There’s much that I find moving in this story. The passing on of faith from one generation to another; the story of refugees finding community and hospitality and a new home; the care that George, and then Emese, took in preserving the pictures themselves, keeping the memory of these ordinary, sacred events alive.

And then there’s the fact that here in our congregation in Geneva, half a world away from Caracas, these lives would meet again. Réka moved to Geneva in the early 1960s and soon began work as an interpreter with the U.N., so she was already settled here when George and Emese arrived in 1971 for George’s work with the Lutheran World Federation. For decades the families continued to meet and share memories of life back in Venezuela.

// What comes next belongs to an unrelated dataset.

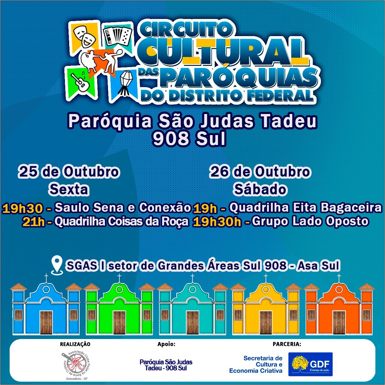 Realizado pela Associação Clube Pedal na Serra de Ciclismo do Distrito Federal, em parceria com a Secretaria de Cultura e Economia Criativa do Distrito Federal (Secec), o Circuito das Paróquias oferecerá uma programação diversa, com shows ao vivo e danças típicas, espalhadas por diversas paróquias do DF. Neste fim de semana, a festa será na Paróquia São Judas Tadeu. A entrada é gratuita e o evento é aberto a todas as idades.

They always remembered their long history together, but for many years, the confirmation pictures had been forgotten. It was about ten years ago, Emese remembers, when a group of church members were gathered to celebrate Réka’s birthday, that she thought to pull out the old scrapbook.

Réka was delighted with the photographs. The dementia was beginning to affect her memory then, but Emese says she could still name every one of the students she was confirmed with.

“We have this treasure in clay jars,” Paul wrote to the church in Corinth—the riches of God’s grace in the most ordinary of places. Those treasures are all around you—in old photo albums, in stories passed down, in lives that have made a difference in your own. Pay attention to them, and give thanks.